A simple long-toed shoe, based on pictures of an example in the Victoria and Albert Museum in London. There is another, similar example at the Deutsches Leder Museum, Offenbach-am-Main. There is supposed to be one similar to this in the Musée Bally, in Shoenwerd, Swizterland. This pattern is not based on a physical examination of the actual item.
There has been some discussion among shoe experts recently about the legitimacy of this shoe design - most noteably several comments by June Swann regarding the marks of the last in the leather. I have some personal questions regarding the assemply of the sole that simply can not be resolved by photographs. In either case, I can not tell you they are fakes, nor can I tell you that they are not.
I have not heard anything like that regarding the shoe at the Deutsche Leder Museum, although from the photographs it is very similar to the V&A shoe.

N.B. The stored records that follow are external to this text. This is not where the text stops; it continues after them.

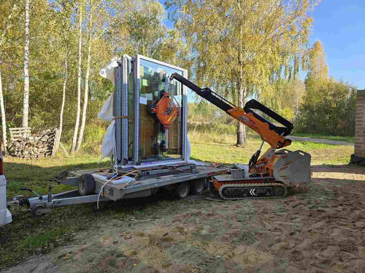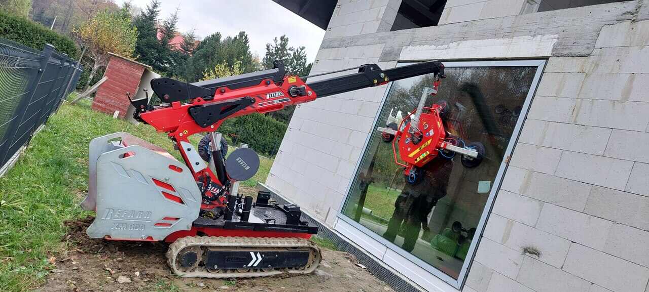 | Przyssawka z głowicą hydrauliczną | Przyssawka z głowicą hydrauliczną sterowana z pilota Możliwość demontażu przyssawki i instalacji haka. Głowica montowana na końcu wysuwu hydraulicznego co daje nam zasięg 5,6 m w pionie |
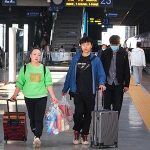 4月1日,天津西至香港西九龍G305次列車(chē)準備發(fā)車(chē),乘務(wù)人員與旅客在站臺上合影留念。
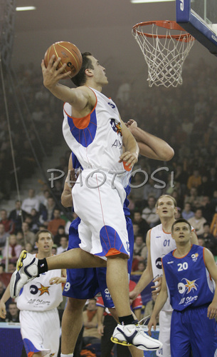 : Marko Milic (no.12) of West ALL Stars team scores during first NLB league ALL Stars match. Match ended with victory of West All Stars team, who defeated East All Stars team with 134:118. First NLB League All Stars match was played in Tivoli Arena in Ljubljana, Slovenia on 27. December 2006.
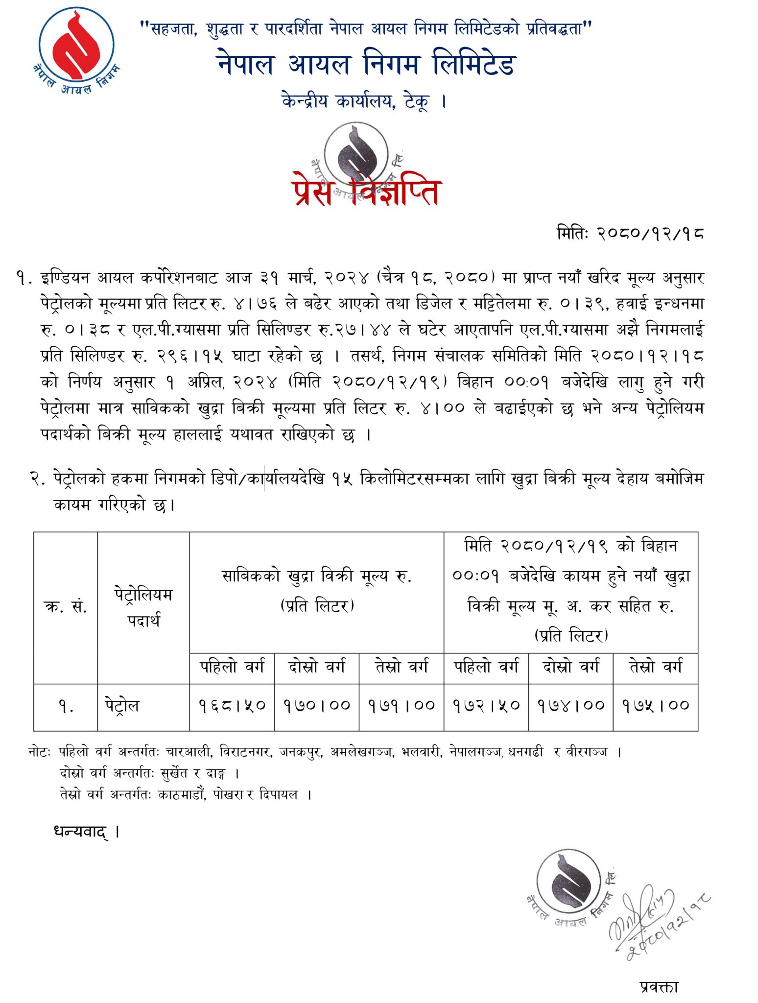 पेट्रोलियम पदार्थको मूल्य बढ्यो

According to M.Volken, a shoe researcher in Switzerland (email communication to the Crispin Colliquy, http://www.bootmaker.com/HCC/discuss), the only poulaine at the Bally Museum is from the castle of Issogne in Italy, and is described as a 'real 15th century poulaine'. She has expressed her own doubts about its validity. Again, I have only seen a photo of this item, although to me, it doesn't bear much similarity to the V&A shoe.
The side is intended to lace. The show should be made with a rand or a full welt. The last bit of the toe should be left sewn until after the rest of the shoe is turned, then carefully turned from the outside, and stab sewn through the sole. There is a heel stiffener. The basic design is MY estimate of the pattern, and may not be absolutely accurate.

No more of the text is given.